In my heat transfer class, we only saw radiation as dumping all its energy right at the very surface of some block of mystery meat or whatever. In that class we only cared about absorption in terms of how much radiation isn’t reflected. We then treated all the radiation that got absorbed as being "stopped" by that surface essentially. After that the heat from this interaction would be distributed by conduction within the receiving block thing.
Million dollar question: What is happening to that topmost surface temperature if absorbed radiation is going THROUGH the surface? So now my deeper layers are being heated by both conduction and direct radiation?
The end goal is to figure out the surface temperature of this irradiated spot of skin, then cool it by cold air convection until a goal surface temperature is reached. Any diagrams in answers would be super helpful. I am a visual creature. Part of my trouble is photons are hard to visualize and I keep picturing bullets stopped by walls when I know photons don’t have mass and it’s a poor analogy. It’s really tripping me up.
Photons either pass through a given material or they don't.
If they pass through, it's as if the material isn't there as far as they're concerned (ignoring refraction).
If they get absorbed, then they dump all their energy into the material. This might excite the incident atom such that it then re-emits the photon with the same or different wavelength, such that the effective "heating" of the material is just the difference between the energy given by the incoming and outgoing photons.

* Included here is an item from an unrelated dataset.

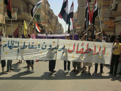 أطفال يتظاهرون ضد النظام السوري في مدينة دير الزور. رويترز
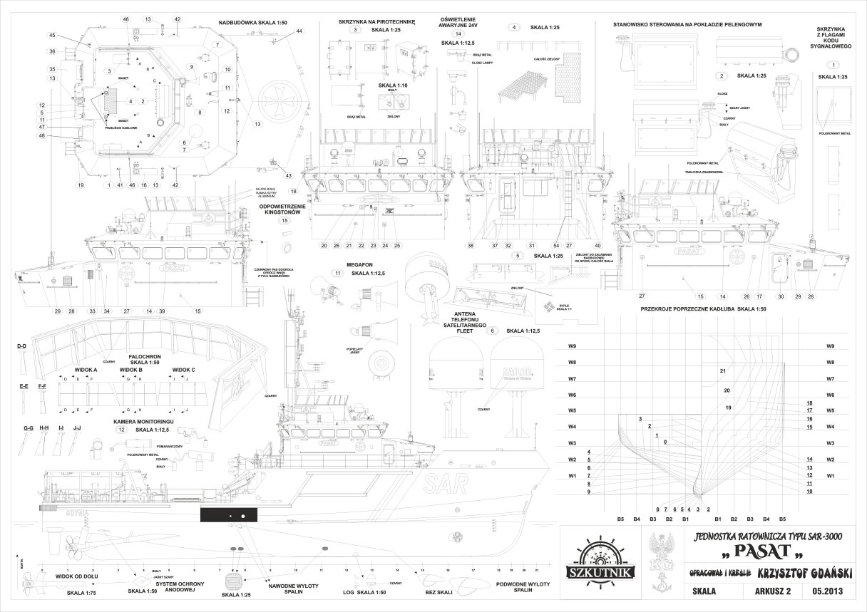 Zima nadchodzi wiec czas najwyższy zabrać się za nowy model , długo się zastanawiałem nad wyborem mam kilka ładnych planów modeli ale w końcu wybór padł na SAR3000 PASAT , plany kreślił Krzysiek Gdański i są one bardzo dokładne nakreślone , model będzie wykonany w Skali 1:36 , skala nie typowa jak na modele szkutnicze ale jak dla mnie optymalna model będzie miał 102,5cm długości i będzie wykonany jako nie pływający . Mam nadzieję ze jakoś podołam bo jednostka jest dosyć skomplikowana sam kadłub jak i cała reszta , a pokład usiany mnóstwem elementów , Krzysiek bardzo dokładnie nakreślił każdy szczególik do tego mnóstwo dokumentacji fotograficznej wiec będzie się na czym wzorować .

What you need to remember is that a beam of light is composed of an almost infinite number of photons. So whenever you talk about light going through a material and heating it, you're talking about a few different groups: photons that went through the material completely undisturbed (i.e. with the same energy as before passing through) and which don't contribute at all to heating the material, photons which are entirely absorbed by the material without any "output" photons and therefore heat the material by their energy, and intermediary photons which are absorbed but also emit photons themselves and therefore heat the material less.
And if it is possible for light to pass through a material, you'll get an iterative process: some fraction of the photons (let's say 70%) will be absorbed by the material's surface, and the rest (30%) will pass through. On the second layer, 70% of the photons which managed to pass through will be absorbed and 30% will pass through, rinse and repeat until you get entirely past the material. (Real life obviously doesn't really have "layers", but it's a useful mental image). Only some fraction of the absorbed photons will emit photons of their own in random directions; these outgoing photons will then also have to gamble to see how many "layers" they can pass through before being absorbed.
So, to answer your million dollar question: the surface temperature will be increased by the fraction of the photons which don't pass through. It will also have some "inner" heating from "outgoing" photons emitted by inner layers which have absorbed some of the photons which managed to pass through the surface, but that will likely be a very minor complement.